#### Records from a dataset
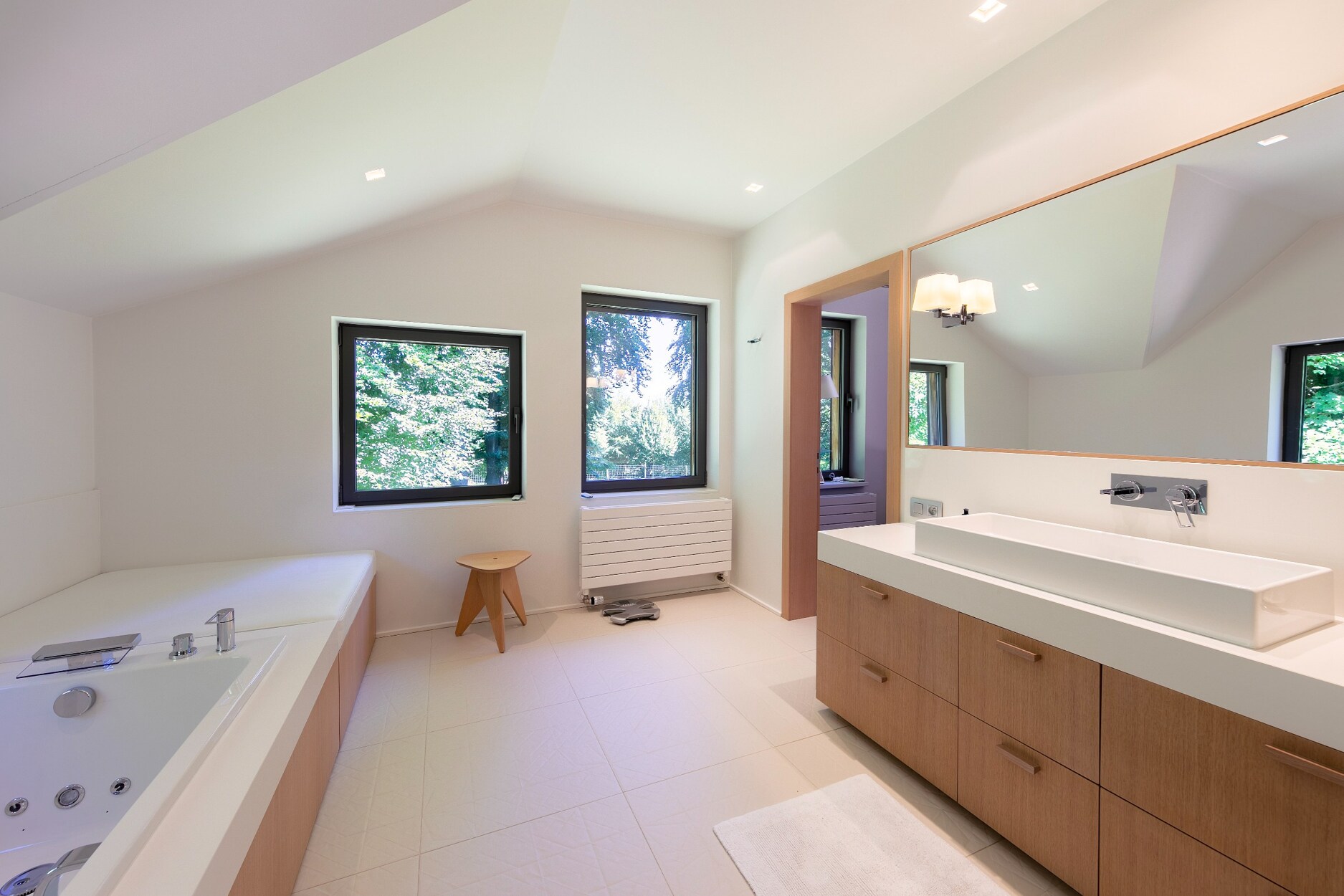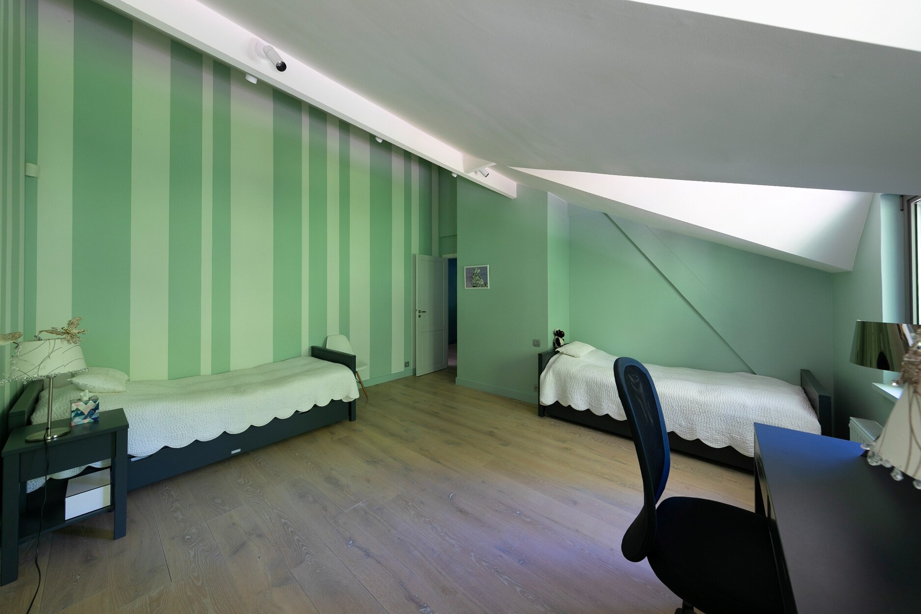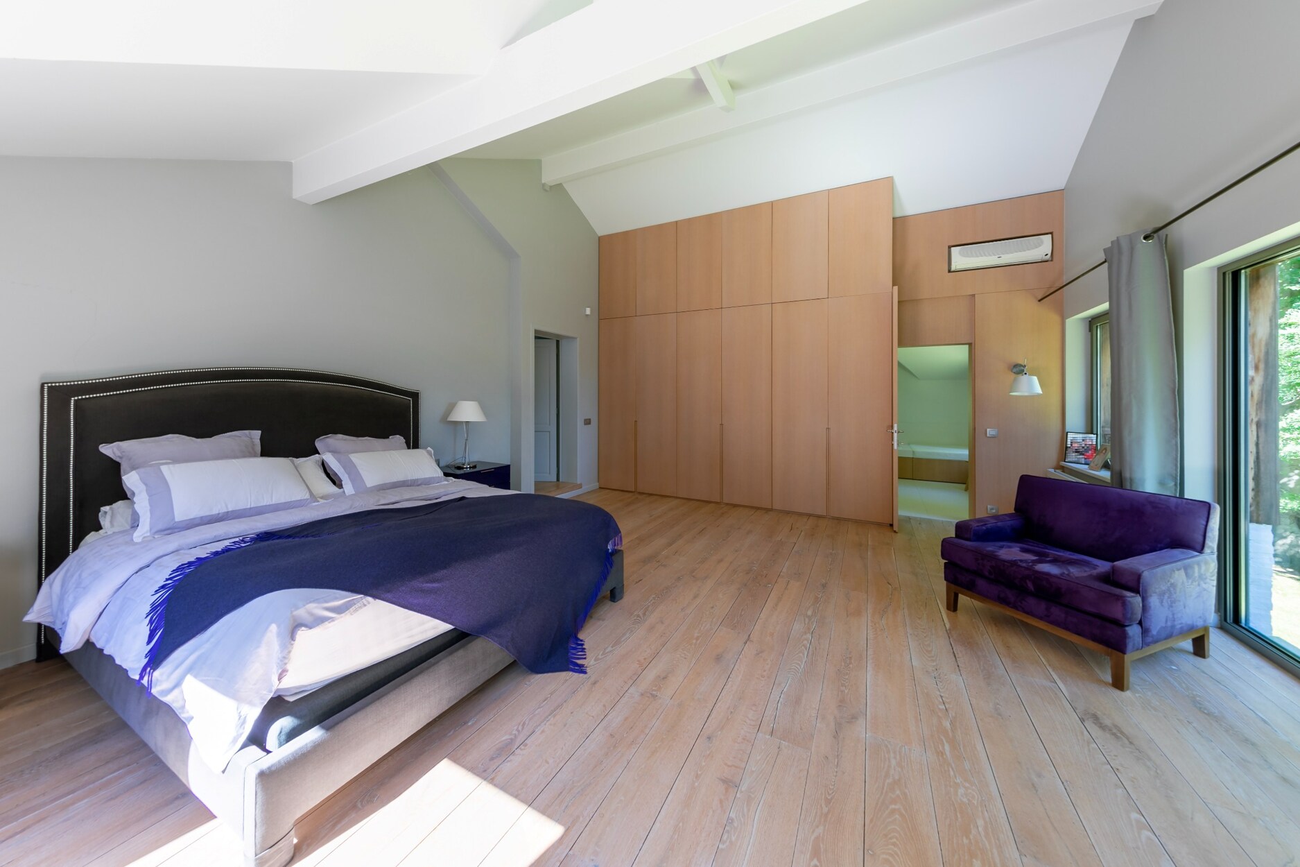 Op de verdieping bevindt zich de master suite met slaapkamer, complete badkamer met jacuzzi en inloopdouche, en een bureau/dressing. Vier bijkomende slaapkamers, vier doucheruimtes en afzonderlijke toiletten vervolledigen het geheel. Ingebouwde kasten en maatmeubilair zijn discreet geïntegreerd.
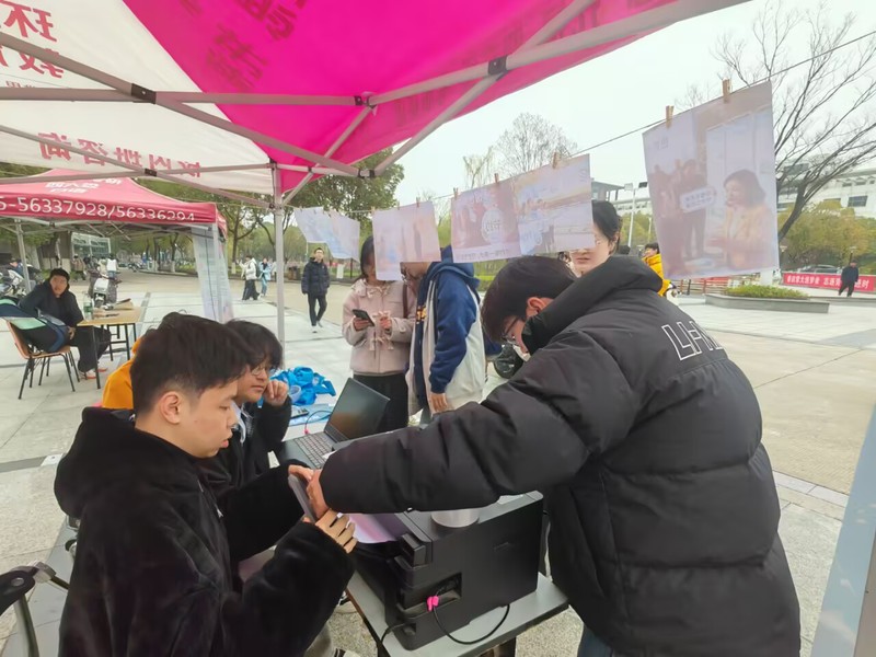 活动现场气氛热烈而有序。现场设置AI互动区,同学们创作护水主题海报并现场打印,传递出“水治理,性别平等不缺位”的核心主张。此外,活动现场还为参与者发放了宣传手册、环保绿植、定制宣传文创等奖品,这些物品既具有纪念意义,也能鼓励大家将性别平等意识融入日常节水行动中。
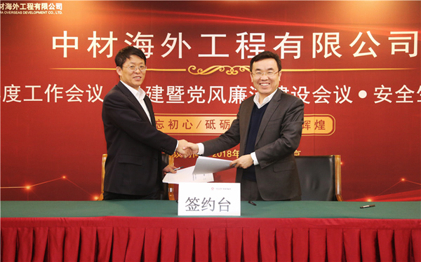 高超代表公司作2018年度工作报告。他在报告中表示,公司以优异的经营业绩较好的完成了2017年工作指标,并对2018年经营目标进行具体部署。2018年,公司将认真领会并执行集团、中材国际及天津板块工作会精神,明确2018年度经营目标,继续加大市场开发力度;聚焦主业的同时,增强海外分子公司业务拓展能力,实现多元化经营,进一步提升公司核心竞争力和盈利能力;加强风险管控,提高项目履约能力;广泛开展中材国际“五星项目”创建工作;继续加大创新力度,严格落实安全生产责任制;求真务实加强党建工作,全力推动公司完成2018年经营目标。
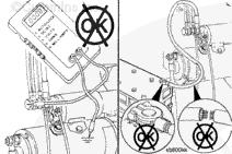 如果萬用表不顯示電壓值,檢查連接起動馬達(dá)電磁閥與蓄電池的電纜是否斷裂。并檢查端子是否松動或腐蝕。
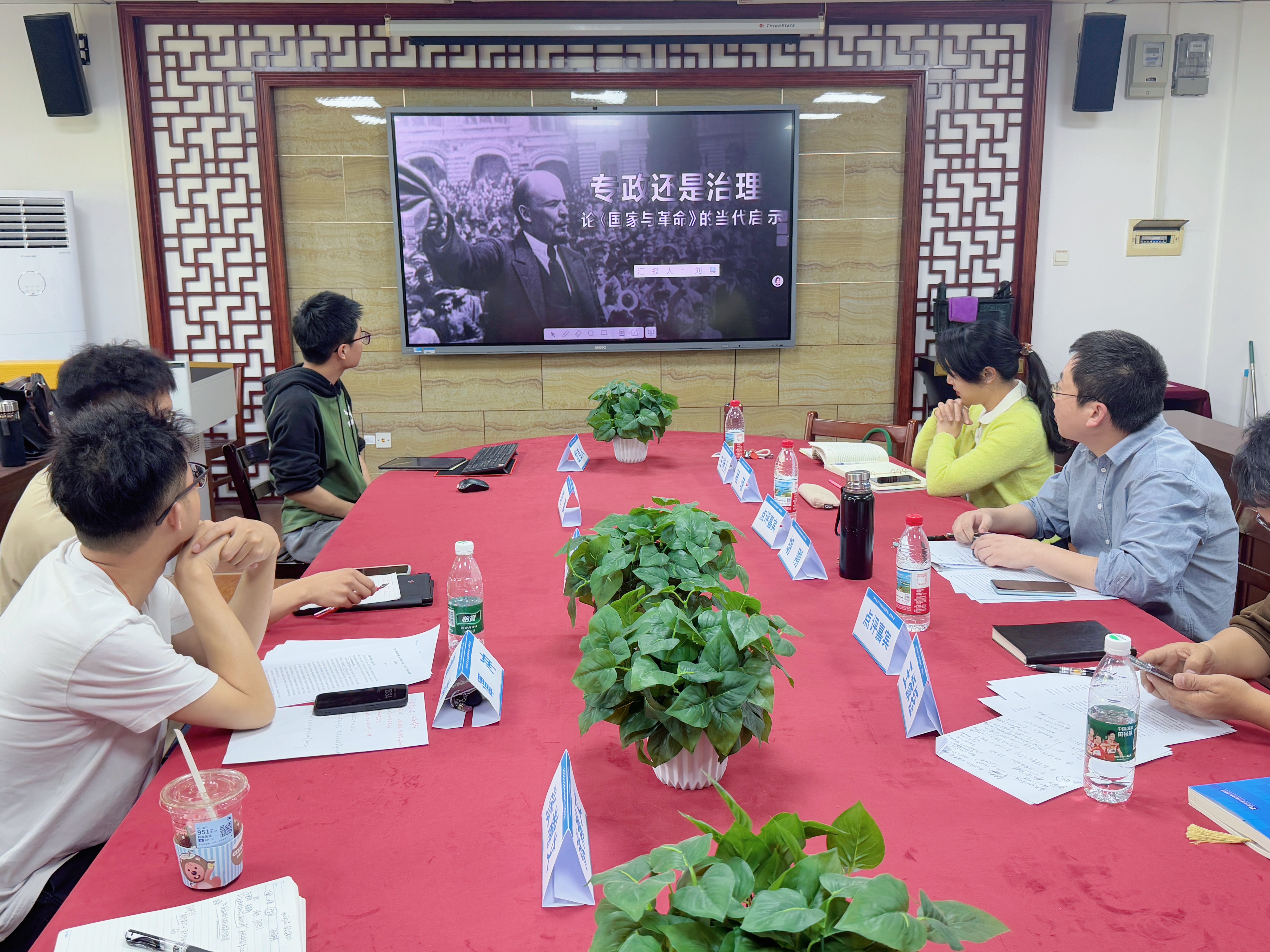 沙龙活动中,五位研究生围绕列宁经典著作展开多维解读。李炎泽通过历史档案溯源,揭示《国家与革命》“未写完的书与未竟的事业”背后的时代使命;张瀚文紧扣马克思主义国家学说的核心命题,系统阐释“国家的本质是什么”的理论真谛;谭冲以无产阶级专政理论为切入点,辩证分析国家与革命的深层关联;王麒皓通过文本细读,梳理列宁对机会主义、无政府主义等错误思潮的批判逻辑;刘晨立足当代治理实践,探讨“专政还是治理”的现代性命题。分享人将文献考据与理论阐发相结合,在经典文本与时代课题的对话中展现了学术思辨的深度。
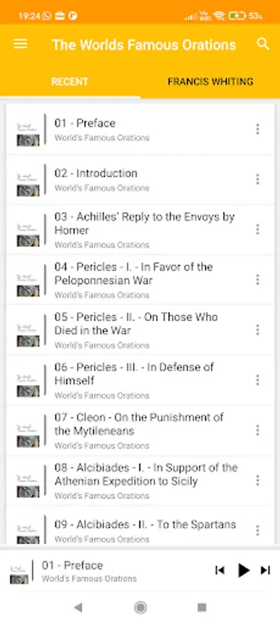 This is the first volume in the ten volume collection of the world's most famous orations, as compiled by William Jennings Bryant and Francis Whiting Halsey. The first volume concerns ancient Greece, and contains such famous persons as Achilles, Pericles, and Socrates, with their most famous (legendary or traditional) orations and speeches.
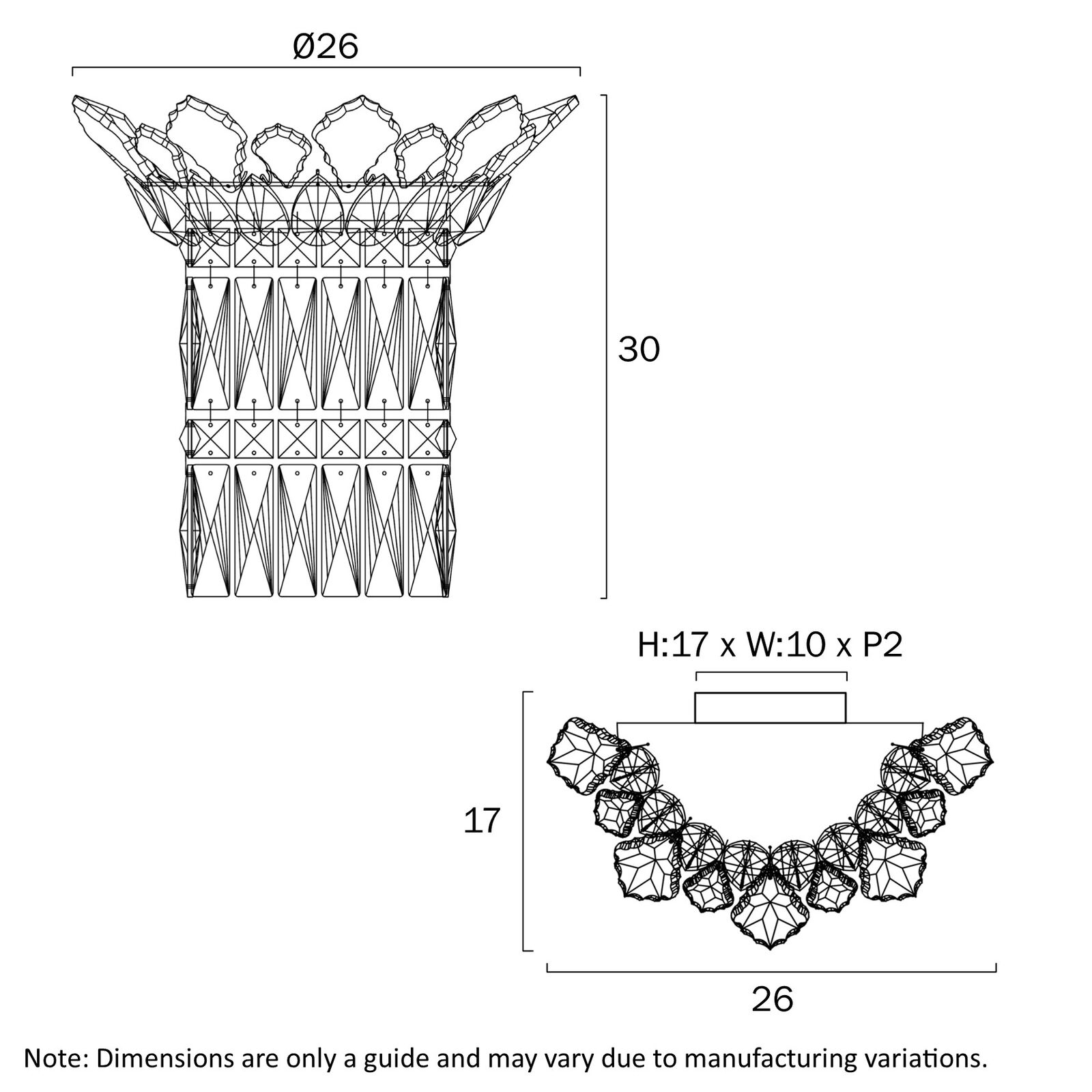 VIRELL WALL BRACKET 2x25wE14max L:260 P:170 H:300 CHROME / CRYSTAL
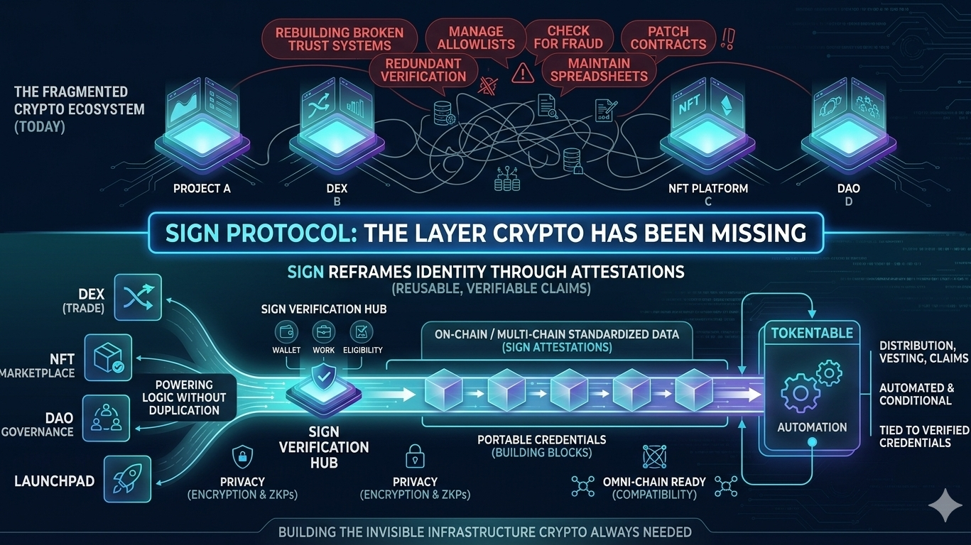 SIGN tidak mengejar hype. Ini membangun infrastruktur tak terlihat yang selalu dibutuhkan oleh crypto. Pertanyaannya adalah: apakah kita siap untuk berhenti membangun kembali dan mulai berbagi?

#### Task goal
Exactly the lines above from the one that contains "高超代表公司作2018年度工" down to the one that contains "如果萬用表不顯示電壓值,檢查" are to be output, both ends kept and pictures omitted.

#### Output
 高超代表公司作2018年度工作报告。他在报告中表示,公司以优异的经营业绩较好的完成了2017年工作指标,并对2018年经营目标进行具体部署。2018年,公司将认真领会并执行集团、中材国际及天津板块工作会精神,明确2018年度经营目标,继续加大市场开发力度;聚焦主业的同时,增强海外分子公司业务拓展能力,实现多元化经营,进一步提升公司核心竞争力和盈利能力;加强风险管控,提高项目履约能力;广泛开展中材国际“五星项目”创建工作;继续加大创新力度,严格落实安全生产责任制;求真务实加强党建工作,全力推动公司完成2018年经营目标。
 如果萬用表不顯示電壓值,檢查連接起動馬達(dá)電磁閥與蓄電池的電纜是否斷裂。并檢查端子是否松動或腐蝕。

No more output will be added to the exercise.